◆ Brief
Set down all of the entries below exactly, and omit the pictures.

# # # #

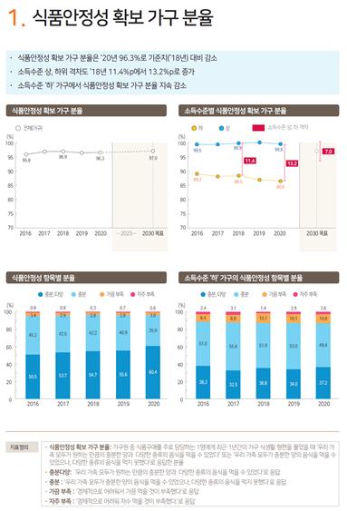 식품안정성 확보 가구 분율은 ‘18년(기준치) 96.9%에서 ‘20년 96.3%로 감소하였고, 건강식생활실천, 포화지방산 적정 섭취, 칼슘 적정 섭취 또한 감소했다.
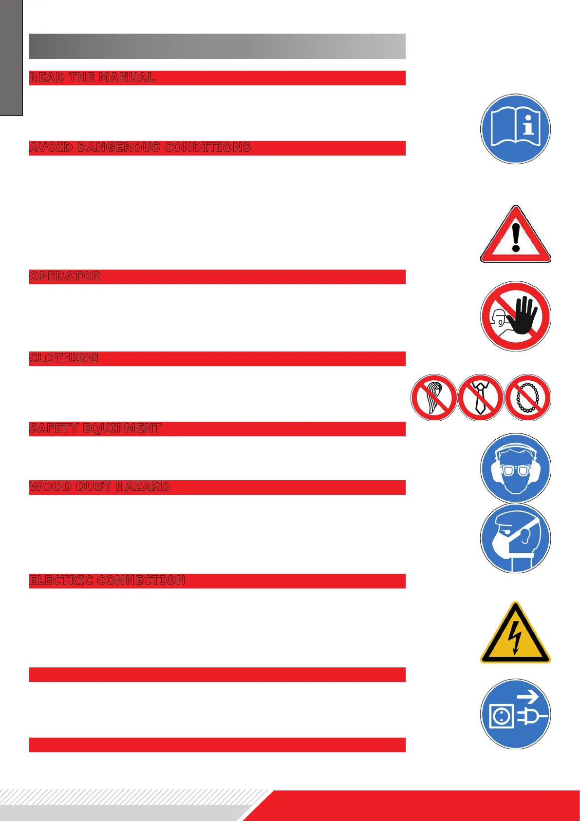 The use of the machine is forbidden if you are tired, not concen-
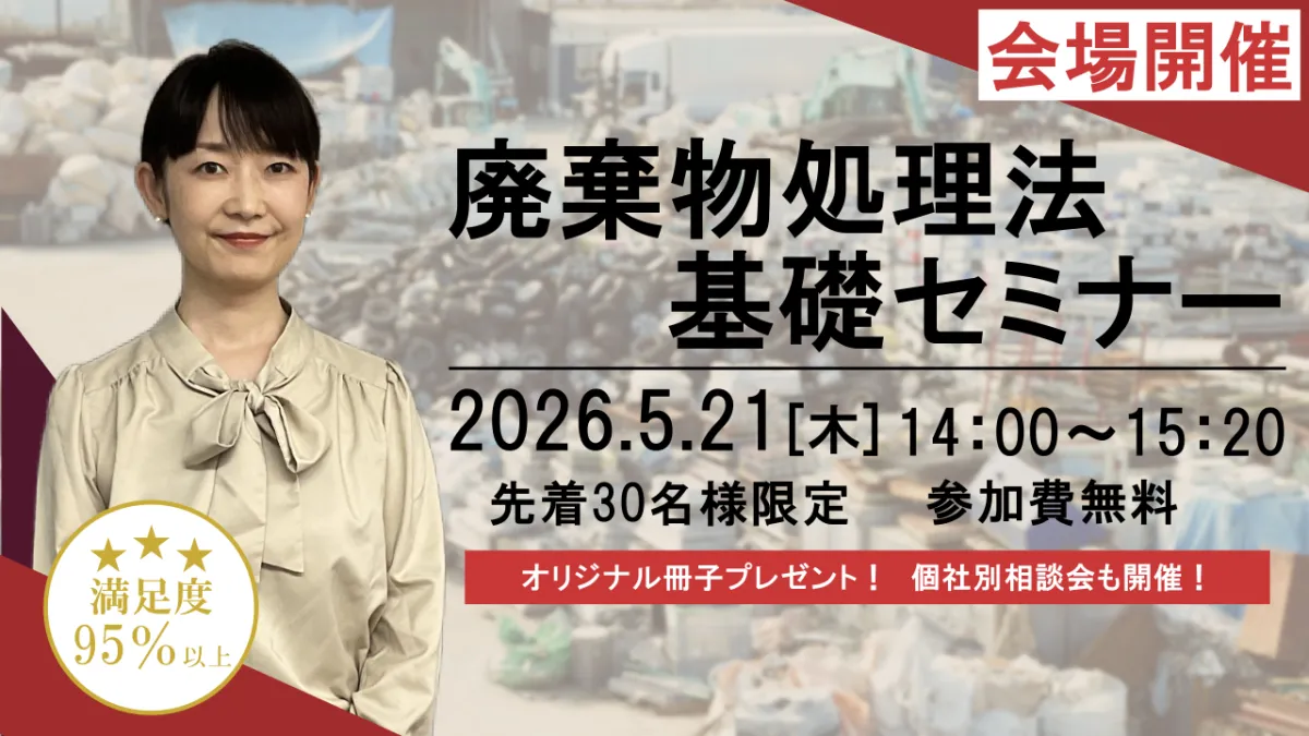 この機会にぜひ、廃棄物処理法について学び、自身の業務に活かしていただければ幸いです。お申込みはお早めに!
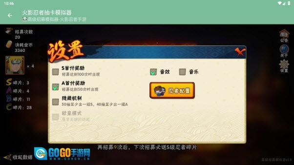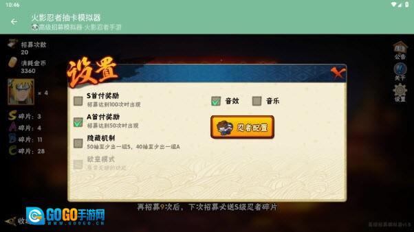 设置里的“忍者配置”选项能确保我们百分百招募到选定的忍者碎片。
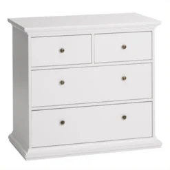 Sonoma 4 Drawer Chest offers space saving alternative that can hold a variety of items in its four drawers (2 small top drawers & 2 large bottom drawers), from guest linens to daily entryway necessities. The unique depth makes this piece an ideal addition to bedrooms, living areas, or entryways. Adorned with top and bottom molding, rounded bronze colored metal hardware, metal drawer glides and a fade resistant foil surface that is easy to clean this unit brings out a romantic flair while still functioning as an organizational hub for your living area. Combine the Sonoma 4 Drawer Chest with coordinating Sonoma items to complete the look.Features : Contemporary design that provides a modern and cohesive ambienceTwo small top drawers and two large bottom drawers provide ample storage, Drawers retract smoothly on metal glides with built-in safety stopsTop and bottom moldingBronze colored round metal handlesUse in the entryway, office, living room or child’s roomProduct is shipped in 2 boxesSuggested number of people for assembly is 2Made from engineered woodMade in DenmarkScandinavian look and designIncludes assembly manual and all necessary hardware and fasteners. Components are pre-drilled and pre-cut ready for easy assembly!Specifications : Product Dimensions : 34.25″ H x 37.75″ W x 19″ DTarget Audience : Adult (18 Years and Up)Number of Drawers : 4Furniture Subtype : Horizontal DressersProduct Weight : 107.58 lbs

# # # #

◆ Output
 식품안정성 확보 가구 분율은 ‘18년(기준치) 96.9%에서 ‘20년 96.3%로 감소하였고, 건강식생활실천, 포화지방산 적정 섭취, 칼슘 적정 섭취 또한 감소했다.
 The use of the machine is forbidden if you are tired, not concen-
 この機会にぜひ、廃棄物処理法について学び、自身の業務に活かしていただければ幸いです。お申込みはお早めに!
 设置里的“忍者配置”选项能确保我们百分百招募到选定的忍者碎片。
 Sonoma 4 Drawer Chest offers space saving alternative that can hold a variety of items in its four drawers (2 small top drawers & 2 large bottom drawers), from guest linens to daily entryway necessities. The unique depth makes this piece an ideal addition to bedrooms, living areas, or entryways. Adorned with top and bottom molding, rounded bronze colored metal hardware, metal drawer glides and a fade resistant foil surface that is easy to clean this unit brings out a romantic flair while still functioning as an organizational hub for your living area. Combine the Sonoma 4 Drawer Chest with coordinating Sonoma items to complete the look.Features : Contemporary design that provides a modern and cohesive ambienceTwo small top drawers and two large bottom drawers provide ample storage, Drawers retract smoothly on metal glides with built-in safety stopsTop and bottom moldingBronze colored round metal handlesUse in the entryway, office, living room or child’s roomProduct is shipped in 2 boxesSuggested number of people for assembly is 2Made from engineered woodMade in DenmarkScandinavian look and designIncludes assembly manual and all necessary hardware and fasteners. Components are pre-drilled and pre-cut ready for easy assembly!Specifications : Product Dimensions : 34.25″ H x 37.75″ W x 19″ DTarget Audience : Adult (18 Years and Up)Number of Drawers : 4Furniture Subtype : Horizontal DressersProduct Weight : 107.58 lbs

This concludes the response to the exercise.